**Data extracts**
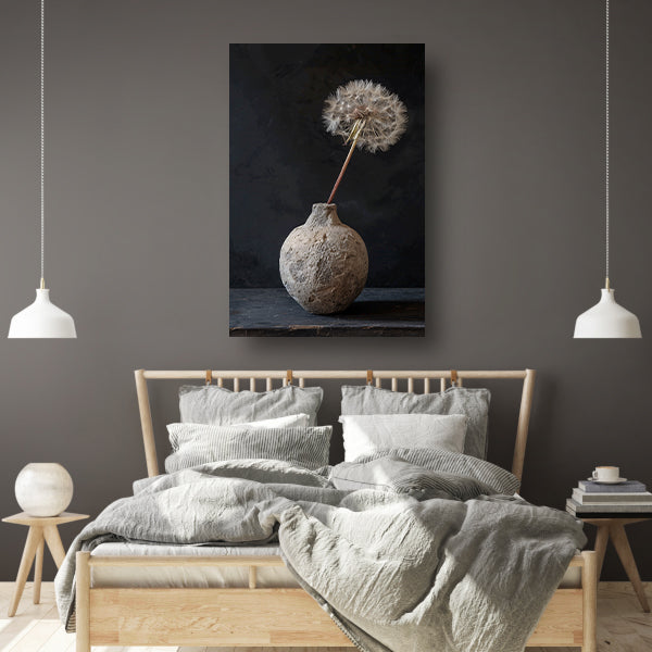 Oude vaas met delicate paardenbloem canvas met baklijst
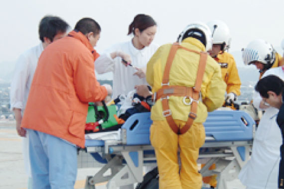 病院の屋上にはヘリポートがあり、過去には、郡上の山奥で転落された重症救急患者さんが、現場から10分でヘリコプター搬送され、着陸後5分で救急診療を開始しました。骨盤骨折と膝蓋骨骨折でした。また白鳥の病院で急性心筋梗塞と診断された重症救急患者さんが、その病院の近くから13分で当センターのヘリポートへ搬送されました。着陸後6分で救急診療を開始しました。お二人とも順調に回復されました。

---

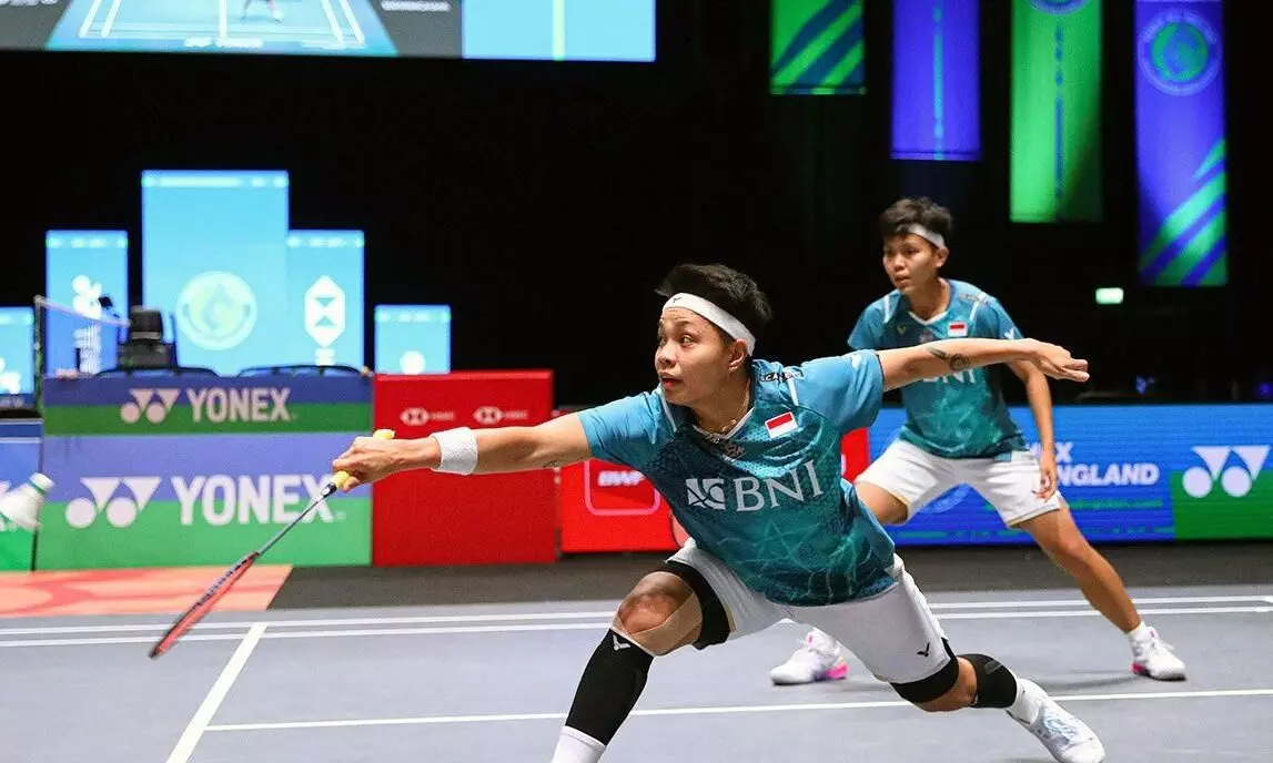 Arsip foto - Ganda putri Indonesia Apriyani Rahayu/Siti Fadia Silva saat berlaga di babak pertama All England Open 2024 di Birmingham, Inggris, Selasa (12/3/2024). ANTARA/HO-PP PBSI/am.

* * *

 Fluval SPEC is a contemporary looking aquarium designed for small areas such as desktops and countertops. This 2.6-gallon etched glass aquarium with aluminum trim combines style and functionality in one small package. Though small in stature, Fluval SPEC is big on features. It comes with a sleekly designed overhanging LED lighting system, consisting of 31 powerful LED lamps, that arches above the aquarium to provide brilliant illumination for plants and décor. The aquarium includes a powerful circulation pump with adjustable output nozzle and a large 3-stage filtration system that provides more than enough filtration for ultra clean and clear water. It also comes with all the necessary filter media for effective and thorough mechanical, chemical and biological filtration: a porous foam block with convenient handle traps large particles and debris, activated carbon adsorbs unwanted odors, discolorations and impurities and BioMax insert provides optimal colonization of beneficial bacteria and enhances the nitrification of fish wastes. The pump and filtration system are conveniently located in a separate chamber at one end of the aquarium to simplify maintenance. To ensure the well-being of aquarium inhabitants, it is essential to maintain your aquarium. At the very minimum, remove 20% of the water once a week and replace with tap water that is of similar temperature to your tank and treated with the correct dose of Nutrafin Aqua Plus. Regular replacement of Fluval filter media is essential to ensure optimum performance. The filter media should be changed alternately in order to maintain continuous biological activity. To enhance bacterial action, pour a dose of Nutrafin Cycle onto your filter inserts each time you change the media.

**What you have to do**
Find where the line with "Oude vaas met" sits in the material above and where the line with "病院の屋上にはヘリポートがあ" sits. Set down exactly the lines from the first to the second, both included and nothing else, without pictures.

**Task response**
 Oude vaas met delicate paardenbloem canvas met baklijst
 病院の屋上にはヘリポートがあり、過去には、郡上の山奥で転落された重症救急患者さんが、現場から10分でヘリコプター搬送され、着陸後5分で救急診療を開始しました。骨盤骨折と膝蓋骨骨折でした。また白鳥の病院で急性心筋梗塞と診断された重症救急患者さんが、その病院の近くから13分で当センターのヘリポートへ搬送されました。着陸後6分で救急診療を開始しました。お二人とも順調に回復されました。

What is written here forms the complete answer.